Reputation: 5068
I want to separate by data into quantiles, same as in this great question
The problem is that I want to do it every day in a time series:
set.seed(123)
temp.all <- data.frame(date = c(rep(Sys.Date() - 1, 12), rep(Sys.Date(), 12)),
name=letters[c(1:12, 1:12)], value=rnorm(24))

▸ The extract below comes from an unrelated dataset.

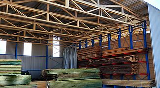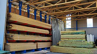Pri podjetju Farkas-Fa dva 12,4 metra dolga konzolna regala tvorita stene. Ker so nosilci regalov OHRA izdelani iz toplo valjanih jeklenih profilov in zato nudijo visoko nosilnost, omogočajo velike razpone v strešni konstrukciji: pri podjetju Farkas-Fa je razdalja med obema vrstama regalov 15 metrov. Tako lahko kasneje na sredino hale enostavno postavite tretjo vrsto regalov. Podjetje Sarok-Fa pa se je odločilo za regalno halo brez stranskih sten – tako lahko zrak prosto teče skozi shranjen les in ga nato suši. Kot nosilna konstrukcija služijo tri vrste dvostranskih konzolnih regalov. Za podjetje Sarok-Fa je bila pomembna značilnost regalov OHRA, da je mogoče prilagodljivo obešene konzole nastaviti v mreži po 100 milimetrov brez orodja. Tako je mogoče regale kadar koli prilagoditi spreminjajoči se ponudbi izdelkov.
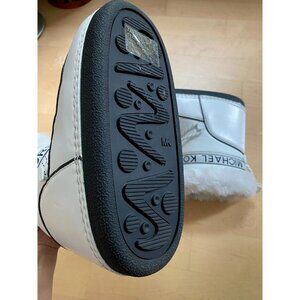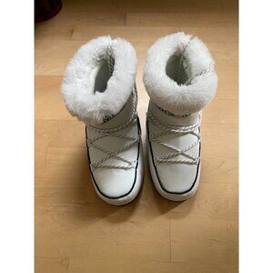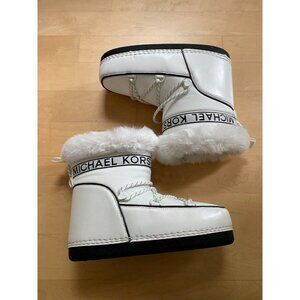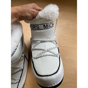 Michael Kors "Zelda" snow boots faux fur cuff Womens Size 10 white lace up NEW

At the moment, I'm solving with a for-loop:
library(dplyr)
for (d in unique(temp.all$date)) {
temp = filter(temp.all, date == d)
temp$quartile <- with(temp, factor(
findInterval( val, c(-Inf,
quantile(val, probs=c(0.25, .5, .75)), Inf) , na.rm=TRUE),
labels=c("Q1","Q2","Q3","Q4")
))
# ...and doing rbind on 'temp' to reconstruct temp.all with quartiles
}
Any ideas on how to avoid the dreaded for-loop? Is there maybe a group_by
way of doing this?
Upvotes: 1
Views: 2718
Reputation: 60070
Using group_by
you can just do:
library(lubridate)
temp.all = temp.all %>%
# lubridate::date(date) might be necessary if you have datetimes
group_by(date) %>%
mutate(quartile = cut(value, breaks = 4, labels = paste0("Q", 1:4)))
dplyr
also has a function ntile
which should behave similarly to cut
and should give the same results.
Upvotes: 4
Reputation: 42544
For the sake of completeness (and to correct a wrong answer), here is also a data.table
solution:
library(data.table)
setDT(temp.all)[, quartile := cut(value, breaks = 4L, labels = paste0("Q", 1:4)), by = date]
temp.all
date name value quartile 1: 2017-08-28 a -0.56047565 Q1 2: 2017-08-28 b -0.23017749 Q2 3: 2017-08-28 c 1.55870831 Q4 4: 2017-08-28 d 0.07050839 Q2 5: 2017-08-28 e 0.12928774 Q2 6: 2017-08-28 f 1.71506499 Q4 ... 18: 2017-08-29 f -1.96661716 Q1 19: 2017-08-29 g 0.70135590 Q3 20: 2017-08-29 h -0.47279141 Q2 21: 2017-08-29 i -1.06782371 Q1 22: 2017-08-29 j -0.21797491 Q2 23: 2017-08-29 k -1.02600445 Q2 24: 2017-08-29 l -0.72889123 Q2 date name value quartile
Note that the results are grouped by date
as requested by the OP and not by day(date)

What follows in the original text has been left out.